What are the issues besetting medical scientists in New Zealand: practical change steps for management, scientists and government : a dissertation submitted in partial fulfillment of the requirements for the degree of Master of Professional Studies at Lincoln University
This qualitative study will analyse the views of two types of medical scientist working in one region of New Zealand. The first group, medical scientific officers (MSO) who are employed by hospital and university laboratories, do research on diseases to develop vaccines and medications. The second group, medical laboratory scientists (MLS), provides the test results essential for use by clinical medical staff in the detection, monitoring or prevention of disease. (There is some crossover of duties). The 35 scientists interviewed were told the emphasis was on issues which help or hinder their work and in particular matters of ‘bureaucracy or paper work’. The aim was to find what scientists, management and government need to do to provide an effective environment toward meeting the New Zealand government’s goal for growth in science and biotechnology as an export earner. Overwhelmingly, the claim was made that scientists were beset with too much unnecessary management and government bureaucracy. Medical scientific officers (MSOs) believe hospital managers are cutting back on scientific officers and replacing them with lesser qualified medical laboratory scientists (MLSs) to the serious long term detriment of the nation.
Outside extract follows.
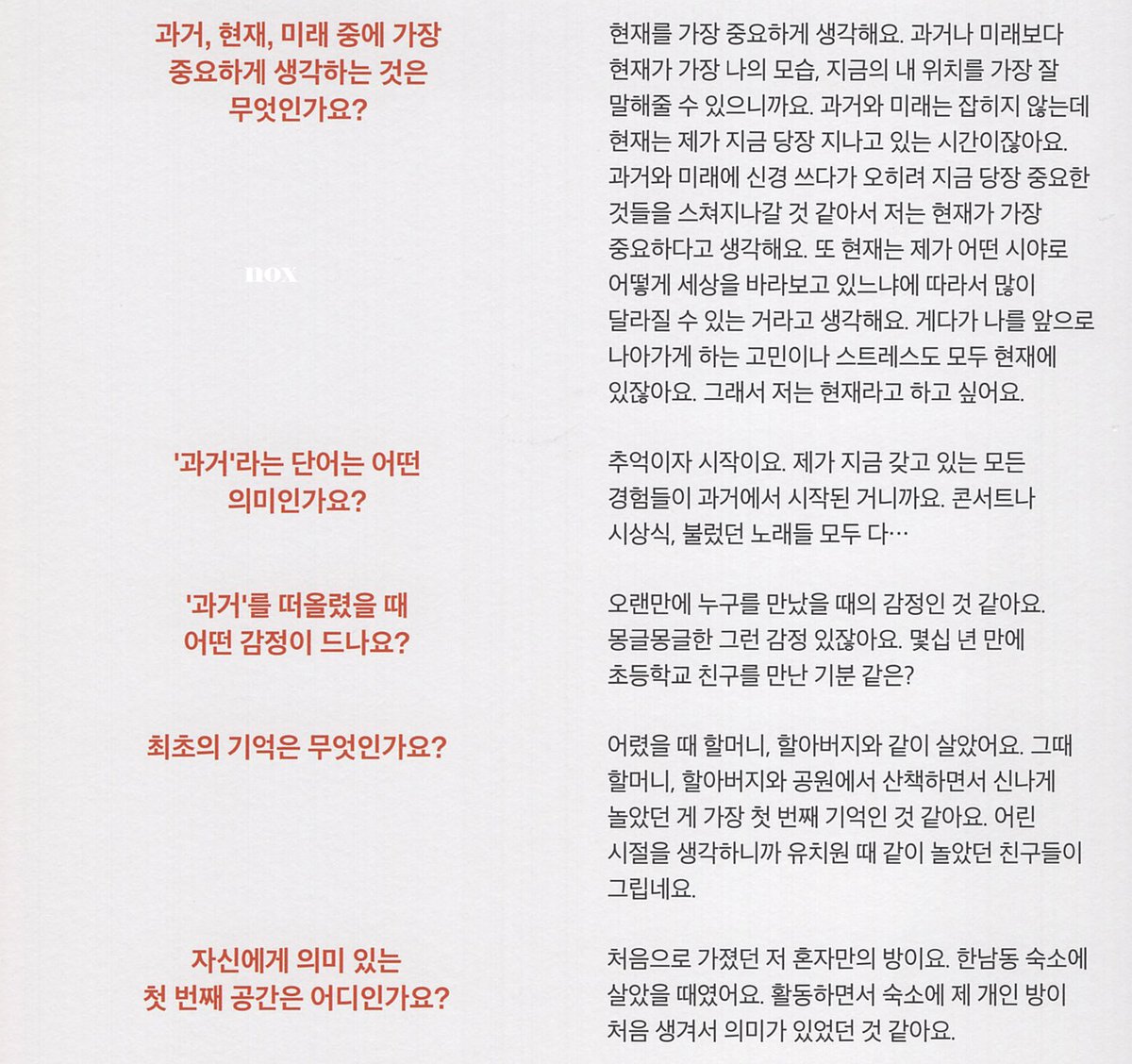 과거와 미래는 잡히지 않는데 현재는 제가 지금 당장 지나고 있는 시간이잖아요. 과거와 미래에 신경 쓰다가 오히려 지금 당장 중요한 것들을 스쳐지나갈 것 같아서 저는 현재가 가장 중요하다고 생각해요.

They regard science as a poor option for young people to enter, much better tenure is needed, as is more freedom to carry out productive research without people outside of their specialty telling them what they can or cannot do. A key finding is the strong need for more clinical direction. Ideas with potential are not acted on quickly enough because ideas are tied up inappropriately in intellectual property secrecy. Innovative MSOs and MLSs as well as medical doctors need more support from management and peers to develop new ideas. Of great concern was the finding from nearly all MSOs and some MLSs, that there was deep mistrust of management. They wanted a more congenial management and thought there needed to be more management co-operation between universities and hospitals. E.g. have common administration and services. The good news is that there are some groups working well and these provide a successful model for others. Finally, as permission for this study was willingly given by laboratory and university management, this indicates a willingness from management to help scientists. However, as the theory will show, until the lack of trust is overcome, some management improvement programmes may fail.... [Show full abstract]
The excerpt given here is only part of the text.